There was a listing in the deep web, about someone having acquired data in a not very legal manner from a major conglomerate, data that was being sold at an online auction in less than five hours. Curiously, around the same time as that announcement, a big piece of news began to circulate among the hacker groups. News that was being silenced and was utterly absent from mainstream media too, a fact that in the hacker circles meant that the deed was of the most juicy variety.
Someone had stolen something, what it was not clear, directly from AQ in broad daylight, without anyone noticing. As time passed, more information about the listing began to emerge. It emerged only as rumors, of course, as was the usual way with these things. No official confirmations, because any statement of that kind would be an official admission of guilt that no hacker could afford to give. Rumors were as good as actual news at hacker auctions though, and sometimes even better.
The auction was held entirely in the virtual space, a sort of astral space like the world between worlds, except that this was a world within a world. The virtual as an emergence of some computational substrate present in the world of Terrigenesis, perhaps even running on AQ proprietary hardware. Melina, Lisette and Ishrin were all present to the auction, taking the form of extravagant virtual avatars made and tailored specifically for events like this. Lisette was the most fascinated by this tech of all three, making her desire to learn it even stronger.
Eventually a buyer was selected, and it was time to meet them in person. This was going to be the second favor being spent from Mekano, Ishrin thought, or perhaps it still fell within the bounds of the first. It didn’t really matter much at this point because he pretty much had to go through with it now, or the girls –Melina most of all – were going to go utterly ballistic on him. Not to worry, it was just a minor detour. And delay. But the delay only stung insofar as Melina was concerned, so this was a tradeoff whose price she was the one who would end up paying.
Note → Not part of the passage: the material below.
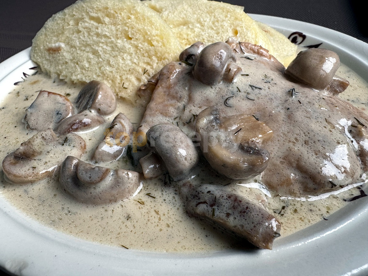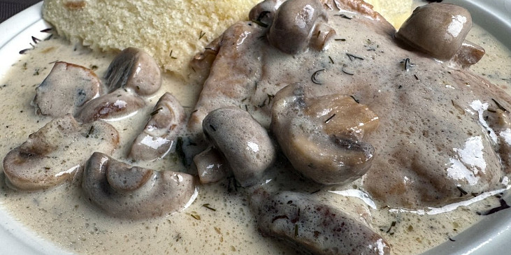 maso vepřové, sádlo, houby čerstvé, smetana zakysaná, máslo, mouka hladká, kopr, ocet, sůl
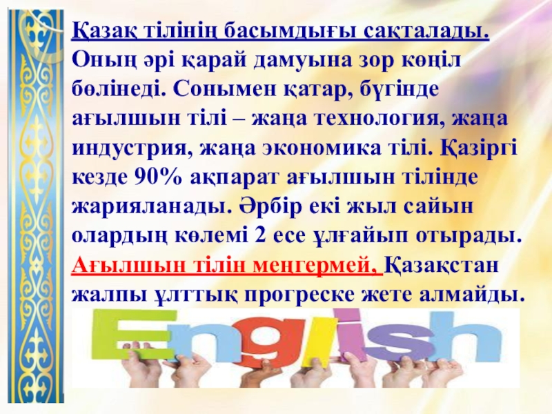 Сонымен қатар, бүгінде ағылшын тілі – жаңа технология, жаңа индустрия, жаңа экономика тілі. Қазіргі кезде 90% ақпарат ағылшын тілінде жарияланады. Әрбір екі жыл сайын олардың көлемі 2 есе ұлғайып отырады. Ағылшын тілін меңгермей, Қазақстан жалпы ұлттық прогреске жете алмайды.

“Something’s odd.” Ishrin said, after having scouted the abandoned warehouse in search of anything out of place. “I don’t like this.”
“There’s nothing here.” Melina said, she too having completed a scouting of the place. “But if you say we abort, we abort.”
Ishrin shook his head. “I don’t know. On one hand, I should trust my gut. On the other hand, if we back out now it’s going to be a nightmare for both us and Mekano. We would have to convince everyone that we really have the goods, and to do so would be to expose us to even more danger than here. I say we risk it. We do have superior firepower, after all.”
In hindsight, this was the point where it all went wrong beyond recovery. The thought that since they were magical and had magical senses and magical weaponry, they were better than their technological counterparts.
Melina nodded. “Mana checks?”
“Right,” Ishrin said. “I’m at 90%”
“Around the same as well.” Melina said.
“I am at maximum capacity.” Lisette said.
The convoy arrived exactly on time. Five cars, all black with their windows tinted as to obscure their contents slid into the parking lot without a sound. All but one stood there unmoving, while from the car at the head of the convoy three men in black suits emerged with practiced composure. They looked around, securing the perimeter around the lot, guns drawn. Once they were satisfied with their checks, one of them went to the back of the car and opened the door, letting the real buyer out of the reinforced steel protection of the vehicle.
To the eye of a local, and even more to Mekano’s, she was a stunning woman. Clad in a blazing red dress that defied wind and light itself, shining fabric fluttering in the wind but refusing to get wet under the incessant rain. As did her hair, flowing like an amorphous black ooze around her carefully sculpted pale face and red lips. Too bad it was all by Terrigenean standards, of course, which did nothing to suggest beauty to any of the three visitors to the planet. Where there should have been hair there were actually feathers, and where should have been pale jade skin were scales that shimmered in their almost transparency. There were no lips but a beak at the center of it all. But Ishrin liked to think of the woman as beautiful, as he knew she was by local standards.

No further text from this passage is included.